Upon termination of the employment relationship between an employer and an employee, a final payslip will be issued to the employee, which may indicate certain deductions. These deductions are often met with dissatisfaction and misunderstanding from employees who tend to seek some form of relief. Although certain deductions to an employee’s salary are permitted, employers must comply with the necessary provisions in the Basic Conditions of Employment Act (BCEA) to ensure such deductions are lawful.
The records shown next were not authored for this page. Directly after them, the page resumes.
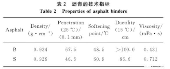 純度1)99.5%的無水乙醇(分析純);70#基質瀝青(B);SBS改性瀝青(S);5種表面活性劑:阿科瑪Cecabase 945(W1)、阿科瑪Cecabase Bio 10(W2)、諾力昂Rediset LQ-1102C(W3)、上海龍孚LYE-WMA(W4)、美德維實偉克M-1(W5),表面活性劑W1——W5摻量分別為瀝青質量的0.4%、0.4%、0.6%、0.6%、0.6%.瀝青的技術指標見表2,其中:黏度采用布式旋轉黏度法測試,取剪切速率為25s-1時的黏度值;基質瀝青、SBS改性瀝青的密度與黏度的測試溫度分別為135、165℃。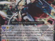 Knight of Calming Silence, Swithelm is a mediocre card for the premium format. This unit’s abilities are ineffective skills for the premium format. The first ability requires you to ride Salvation Wing Angel, Sarevsael on this card. The opponent can prevent this unit’s defensive ability if this unit is on the field.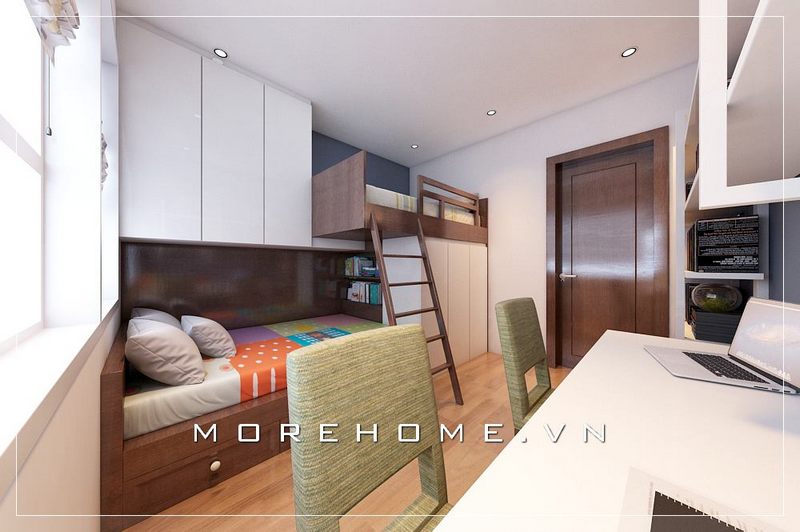 Nếu con bạn sở hữu một căn phòng ngủ nhỏ và đông thành viên thì đừng nên bỏ qua mẫu giường ngủ hiện đại đa năng này nhé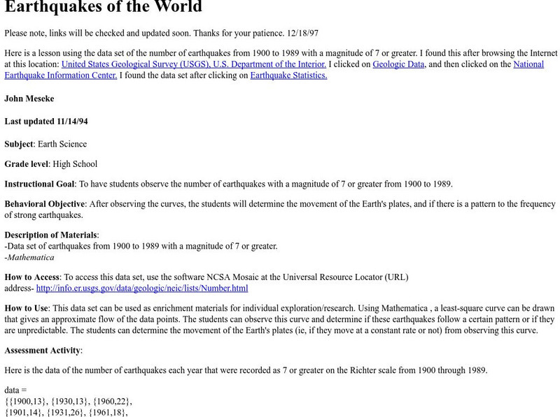 Resource contains a lesson plan that utilizes data from earthquakes. Students are instructed to analyze and interpret line graphs that display the earthquake data.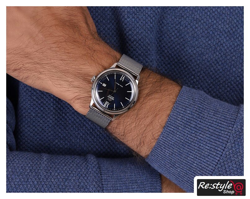 серебристый корпус, синий циферблат, синий браслет, кожаный ремешок

Section 34(1) of the BCEA prohibits an employer from making deductions from an employee’s remuneration without the employee’s consent in writing and provides whether the deduction is required or permitted in terms of a law, collective agreement, court order or arbitration award. Even if the employee has consented to the salary deduction, sub-section (2) limits the scope of the consent by providing that if a deduction is made to reimburse an employer for loss or damage caused by the employee, it may be done only if:

  1. The loss or damage occurred in the course of the employment of the employee and was due to the fault of the employee;
  2. The employer followed a fair procedure and gave the employee a reasonable opportunity to show why the deduction should not be made;
  3. The total amount of the debt does not exceed the actual amount of the loss or damage; and
  4. The total deduction from the employee’s remuneration does not exceed one-quarter of the employee’s remuneration in money.
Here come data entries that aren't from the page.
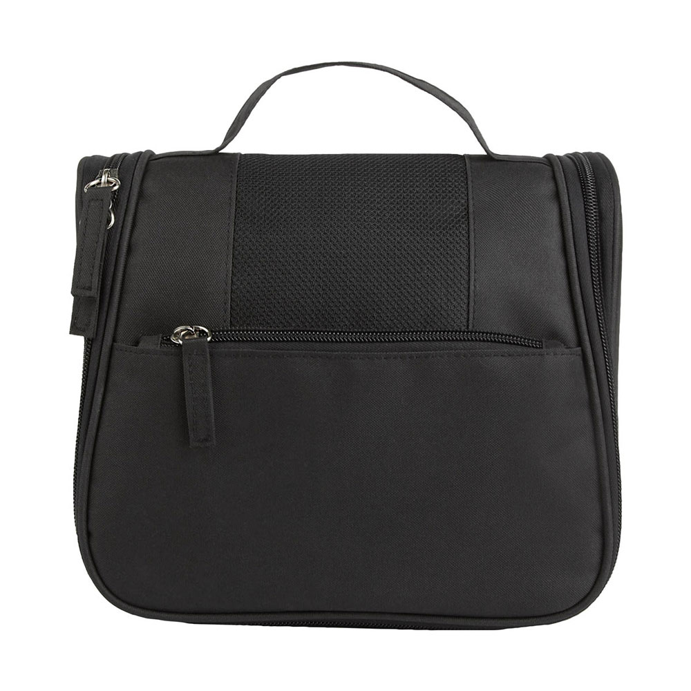 Organizador con bolsa con cierre y asa en el exterior. Incluye gancho, 2 compartimentos con cierre y 4 bolsas de malla en el interior.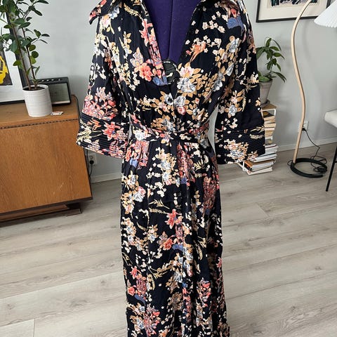 Vero Moda hverdagskjole i størrelse S for kvinner. Kjolen er svart med blomsterprint og laget av viskose. Den har korte ermer og knapper foran, samt belte i livet.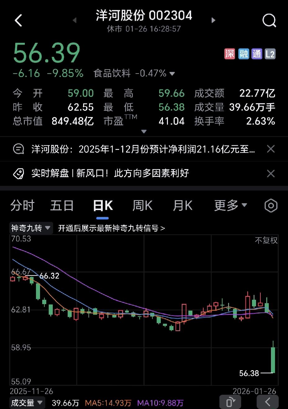 洋河股份跌惨了,朋友亏惨了! 洋河股份今天差点跌停,原来是净利润大跌。 一个月前,一个朋友说他在洋河股份买了二十万,我告诉他,白酒这段时间最好观望,不要买。 他却对白酒热情很高,这次洋河股份跌的那么惨,完全出乎他的意料。 再看他的另一只白酒股票五粮液,只差一步就破百了。 白酒至少过两个月后再说,不然真的跌的你怀疑人生不可。 现在的白酒绝不是入场的时候。 大家对此怎么看?洋河股份 洋河白酒 洋河酒水 洋河股份 洋河股票 洋河酒回收 洋河口粮酒

Statutory deductions include the Unemployment Insurance Fund (UIF), Pay-As-You-Earn (PAYE), provident fund, and leave pay due to the employer. In terms of Section 34(5) of the BCEA, an employer can also request an employee to pay back wages and money mistakenly paid. These amounts can further be deducted upon the termination of an employee’s employment, should they not have been reimbursed. Staff loans can also be deducted; however, for a loan to be deducted, certain elements should be met, such as the loan ought to be in writing, parties ought to have agreed to the loan amount, the period of the loan, and the repayment period thereof. The loan agreement between the employer and the employee should also include a clause allowing the employer to deduct the entire outstanding amount due at the time of dismissal.

Although Section 77 of the BCEA provides that the Labour Court (LC) has exclusive jurisdiction over all disputes arising from the Act, we still see voluminous referrals to the Commission for Conciliation, Mediation, and Arbitration (CCMA) disputing deductions. This principle was confirmed in the matter of O’Reilly v CCMA and Others JR 2395 19, where the Court held that “there is no provision in the BCEA that says that the CCMA has jurisdiction to determine a claim regarding an alleged breach of Section 34(1) of the BCEA”. In the absence of jurisdiction of the CCMA to adjudicate over deductions made in terms of Section 34, it follows that the only matters that the CCMA may adjudicate are for monies owed to an Applicant in terms of Section 73A, which includes salaries, bonuses, amounts due in terms of the National Minimum Wage Act (NMWA), and any amounts that the employer is obligated to pay in terms of the BCEA, but not deduction disputes.

The O’Reilly judgment thus provides clarity and precedent regarding the jurisdiction of disputes arising from Section 34 of the BCEA. Accordingly, if an employer has deducted an employee’s salary, such a dispute may not be referred to the CCMA. A dispute regarding deductions referred to the CCMA ought to be redirected to the Labour Court by raising a point in limine at the CCMA.